Exclude the pictures, then quote exactly the lines from the one holding "Here we have" through the last line of the records.

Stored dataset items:
********************

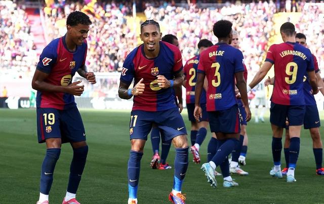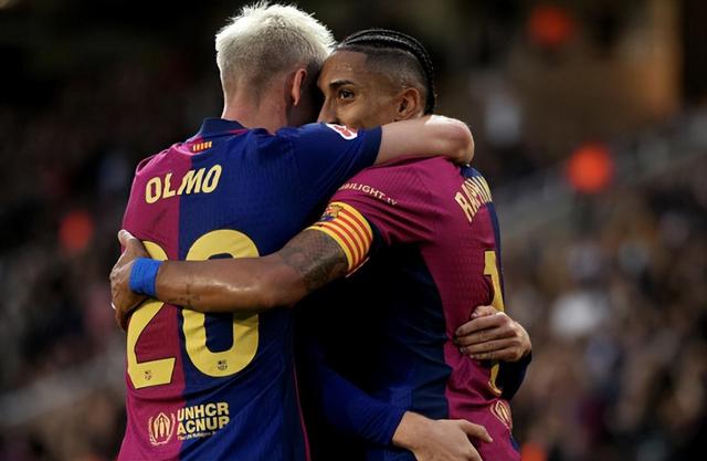 4:1 完胜拜仁,4:0 在德比横扫皇马的国家,在弗里克的带领下,巴萨重新展示了一支巨人球队应该具备的绝对实力。经过一周的休息调整,巴萨在西甲排名第一。 12 轮子,加泰罗尼亚德比和西班牙人在一起,奥尔莫伤愈复出,上演梅开二度,亚马尔风骚的外脚背助攻,加上拉菲尼亚的进球,巴萨 3:1 轻松取胜。
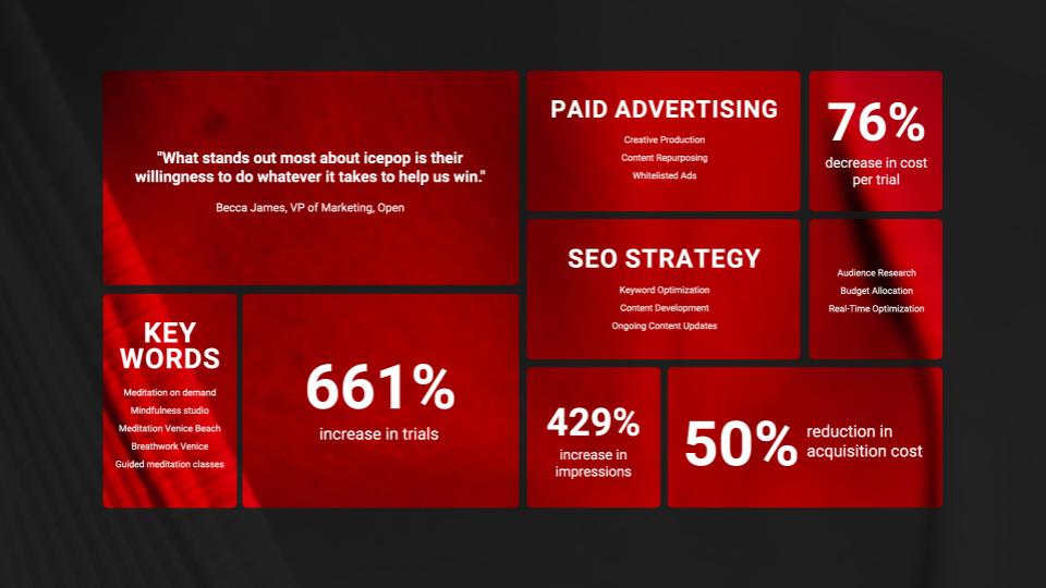 The collaborative partnership between Icepop and Open helped drive meaningful business growth. The right combination of media buying, paid social, and organic SEO helped Open reach and resonate with its audiences– driving more prospective users to start free trials and mindfulness journeys.
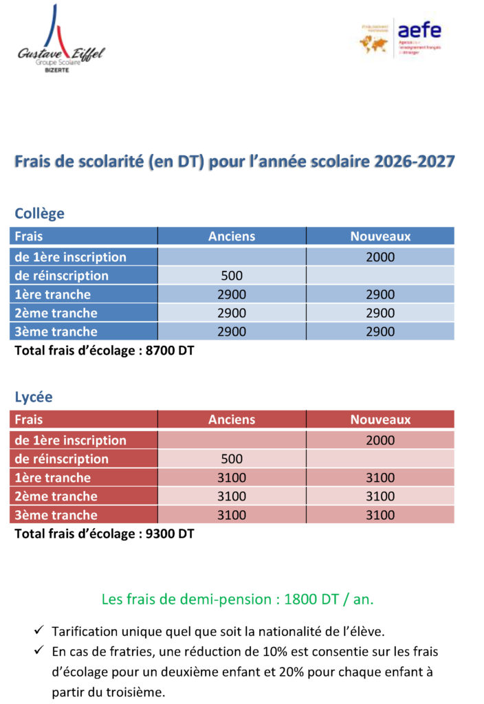 Frais de scolarité 2026/2027
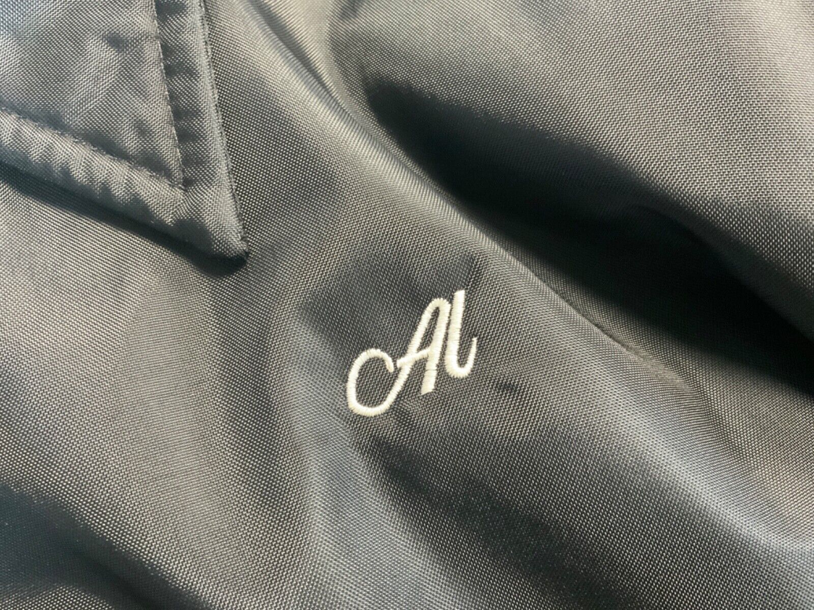 Here we have a USA made Sherpa lined nylon bomber jacket with the screen printed logo on the back of the tri village (New York) military colour guard memorial
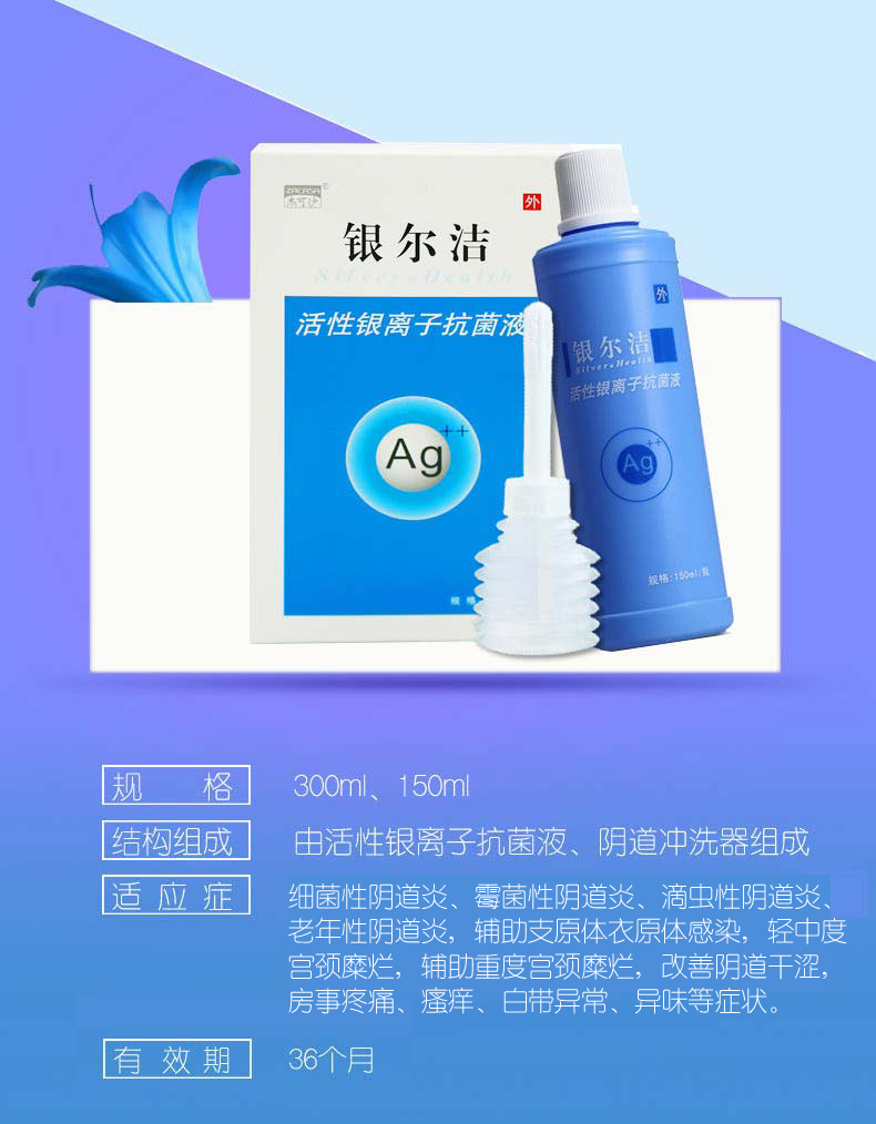 【藥品成份】主要由活性銀離子抗菌液和陰道沖洗器組成。
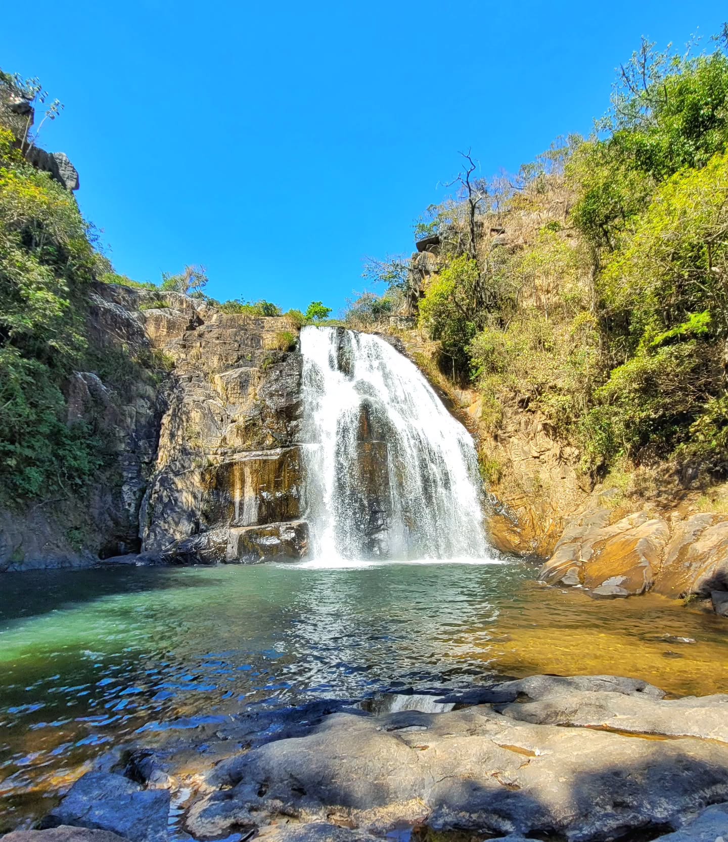 Uma cachoeira de beleza única, oferecendo um cenário espetacular para fotografias e um local perfeito para se banhar.

********************

## Result of this task:
 Here we have a USA made Sherpa lined nylon bomber jacket with the screen printed logo on the back of the tri village (New York) military colour guard memorial
 【藥品成份】主要由活性銀離子抗菌液和陰道沖洗器組成。
 Uma cachoeira de beleza única, oferecendo um cenário espetacular para fotografias e um local perfeito para se banhar.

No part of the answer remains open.